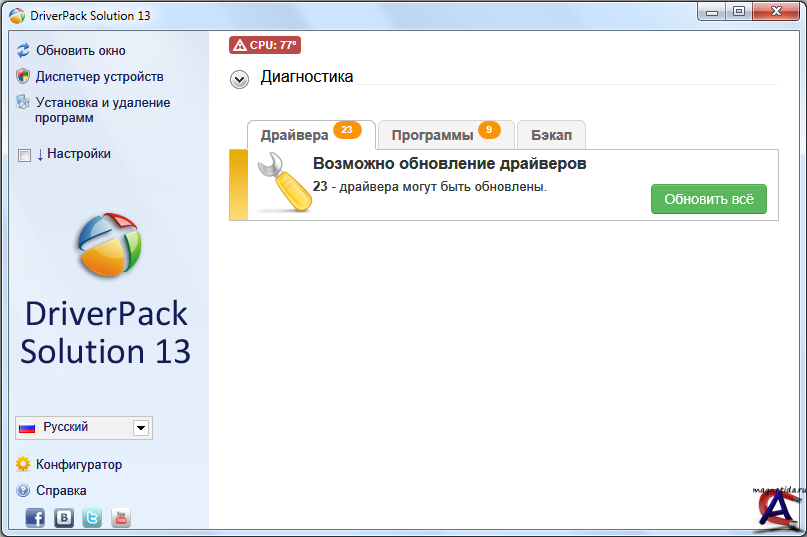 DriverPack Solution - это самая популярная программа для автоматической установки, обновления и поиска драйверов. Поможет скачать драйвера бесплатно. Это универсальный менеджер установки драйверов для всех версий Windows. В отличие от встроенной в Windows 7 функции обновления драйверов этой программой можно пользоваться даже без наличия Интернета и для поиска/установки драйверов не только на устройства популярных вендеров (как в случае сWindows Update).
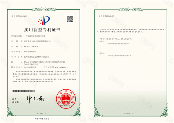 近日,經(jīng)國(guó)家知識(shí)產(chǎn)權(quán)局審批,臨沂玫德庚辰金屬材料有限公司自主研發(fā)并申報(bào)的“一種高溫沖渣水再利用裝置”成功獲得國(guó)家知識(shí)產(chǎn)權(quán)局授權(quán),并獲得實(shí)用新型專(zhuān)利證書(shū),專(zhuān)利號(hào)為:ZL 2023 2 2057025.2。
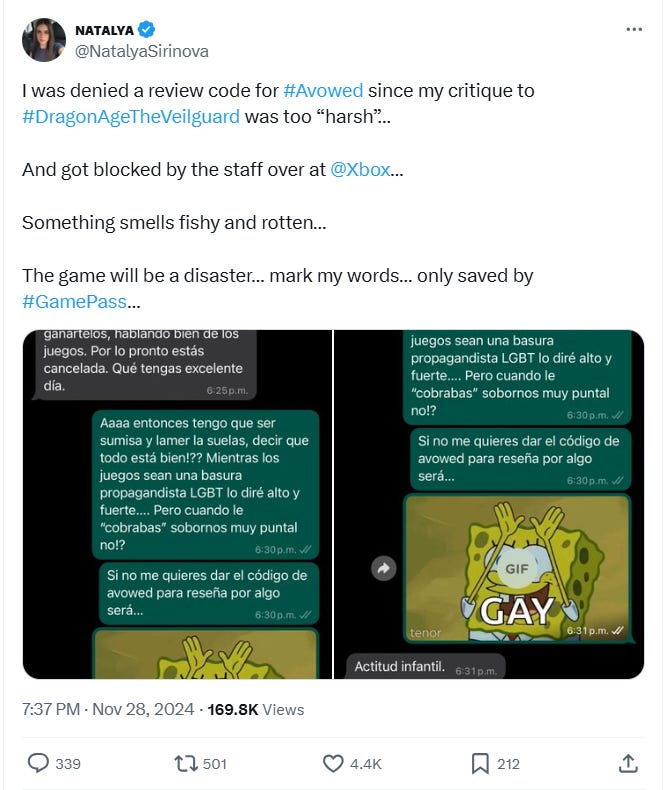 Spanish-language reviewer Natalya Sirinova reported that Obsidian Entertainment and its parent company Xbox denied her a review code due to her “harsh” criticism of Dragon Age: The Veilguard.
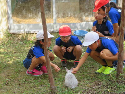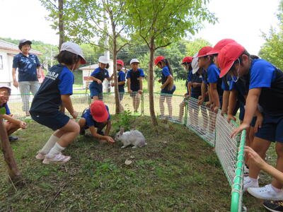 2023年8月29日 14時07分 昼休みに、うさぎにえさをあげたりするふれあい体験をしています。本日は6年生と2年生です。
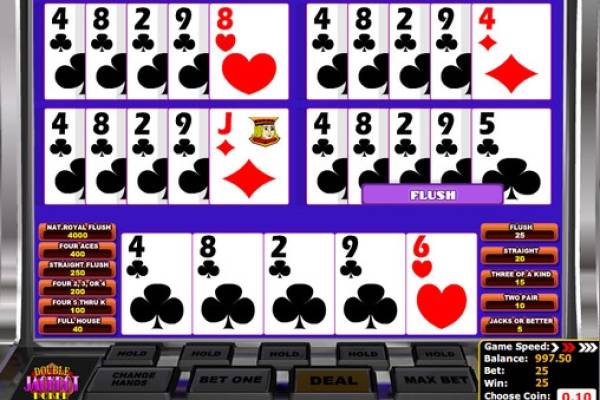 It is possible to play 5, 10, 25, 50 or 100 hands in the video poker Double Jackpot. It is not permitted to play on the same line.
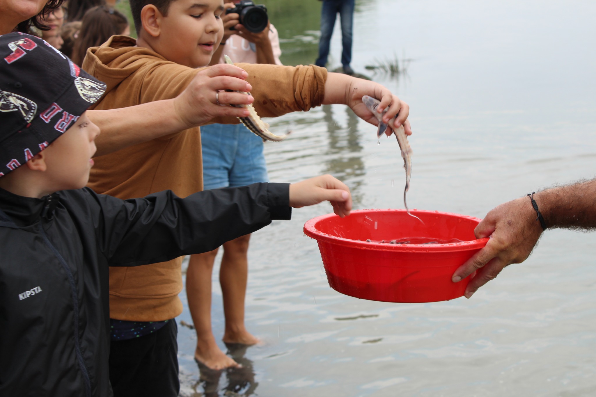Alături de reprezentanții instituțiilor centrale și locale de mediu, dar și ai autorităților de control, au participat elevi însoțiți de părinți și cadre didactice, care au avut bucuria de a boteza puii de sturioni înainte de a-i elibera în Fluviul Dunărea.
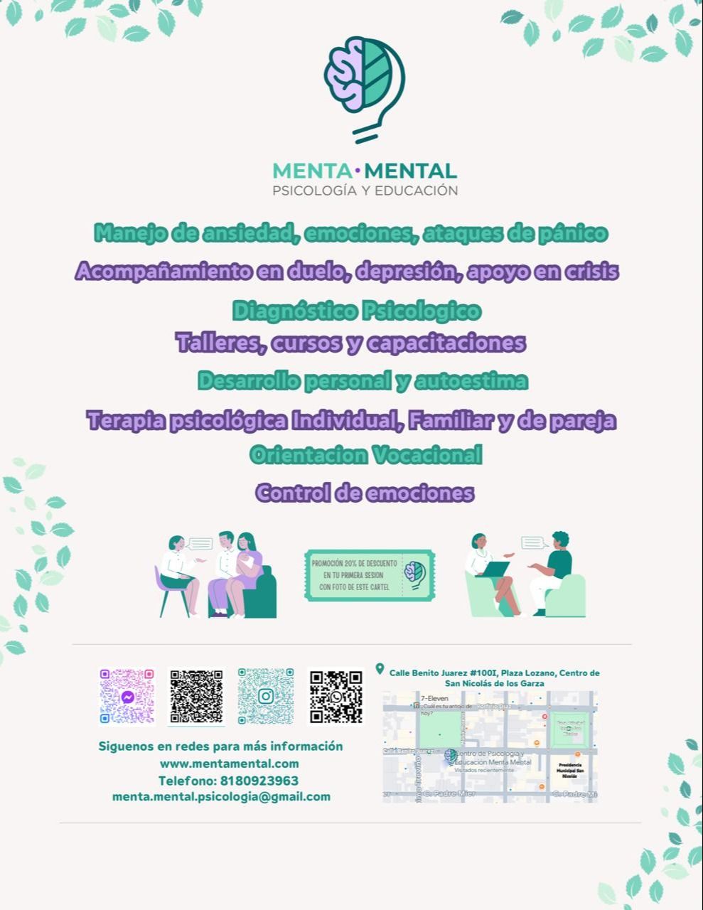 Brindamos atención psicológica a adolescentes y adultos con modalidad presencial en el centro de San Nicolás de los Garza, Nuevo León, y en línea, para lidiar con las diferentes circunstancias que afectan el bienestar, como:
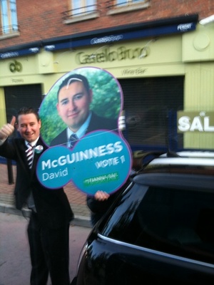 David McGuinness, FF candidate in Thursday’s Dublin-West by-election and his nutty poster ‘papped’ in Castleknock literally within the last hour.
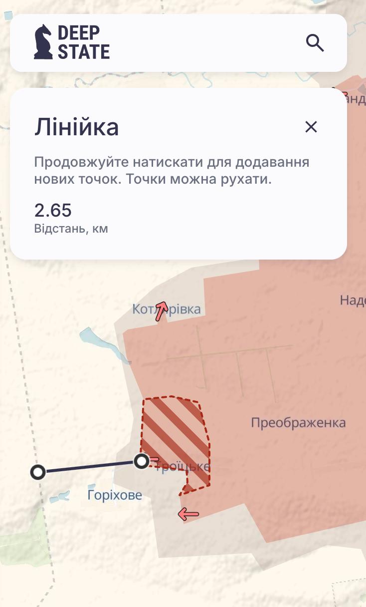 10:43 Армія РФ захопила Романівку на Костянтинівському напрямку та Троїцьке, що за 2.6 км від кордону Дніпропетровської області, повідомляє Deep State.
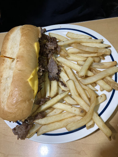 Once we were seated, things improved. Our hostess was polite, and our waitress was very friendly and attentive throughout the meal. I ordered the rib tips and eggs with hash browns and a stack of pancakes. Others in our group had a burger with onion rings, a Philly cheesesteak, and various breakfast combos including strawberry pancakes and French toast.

###

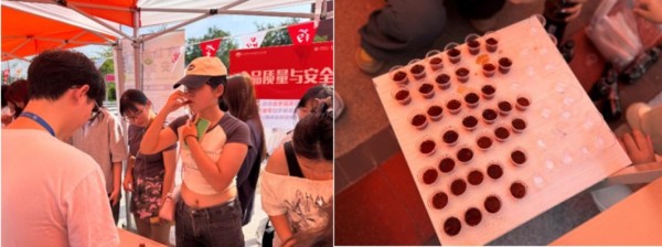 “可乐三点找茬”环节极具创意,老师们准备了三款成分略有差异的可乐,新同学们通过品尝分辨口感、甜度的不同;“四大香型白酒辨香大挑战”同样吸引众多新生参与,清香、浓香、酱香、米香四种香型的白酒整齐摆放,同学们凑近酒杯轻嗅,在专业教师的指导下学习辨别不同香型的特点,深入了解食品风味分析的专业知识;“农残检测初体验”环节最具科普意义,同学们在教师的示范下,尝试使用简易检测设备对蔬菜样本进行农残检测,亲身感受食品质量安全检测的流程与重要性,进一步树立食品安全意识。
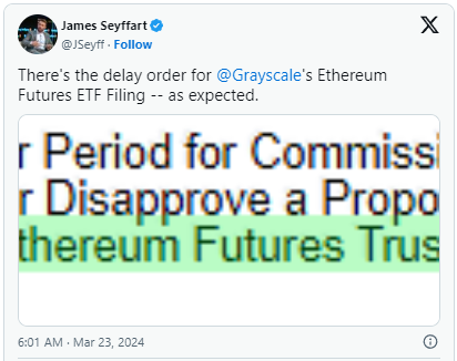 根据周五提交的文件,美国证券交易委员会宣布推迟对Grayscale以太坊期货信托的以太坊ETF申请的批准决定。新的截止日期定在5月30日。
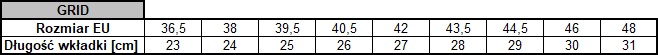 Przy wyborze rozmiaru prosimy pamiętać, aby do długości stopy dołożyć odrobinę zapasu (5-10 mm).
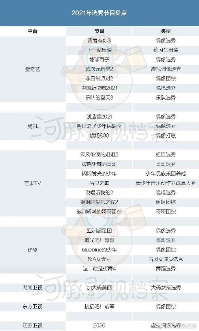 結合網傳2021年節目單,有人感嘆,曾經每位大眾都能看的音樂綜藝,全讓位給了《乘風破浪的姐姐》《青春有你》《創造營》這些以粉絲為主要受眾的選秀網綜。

###

▶ [Try it]:
Go down the entries above from the line containing "根据周五提交的文件,美国证券" to the line containing "結合網傳2021年節目單,有" and write out each line exactly, leaving pictures out.

▶ [Task result]:
 根据周五提交的文件,美国证券交易委员会宣布推迟对Grayscale以太坊期货信托的以太坊ETF申请的批准决定。新的截止日期定在5月30日。
 Przy wyborze rozmiaru prosimy pamiętać, aby do długości stopy dołożyć odrobinę zapasu (5-10 mm).
 結合網傳2021年節目單,有人感嘆,曾經每位大眾都能看的音樂綜藝,全讓位給了《乘風破浪的姐姐》《青春有你》《創造營》這些以粉絲為主要受眾的選秀網綜。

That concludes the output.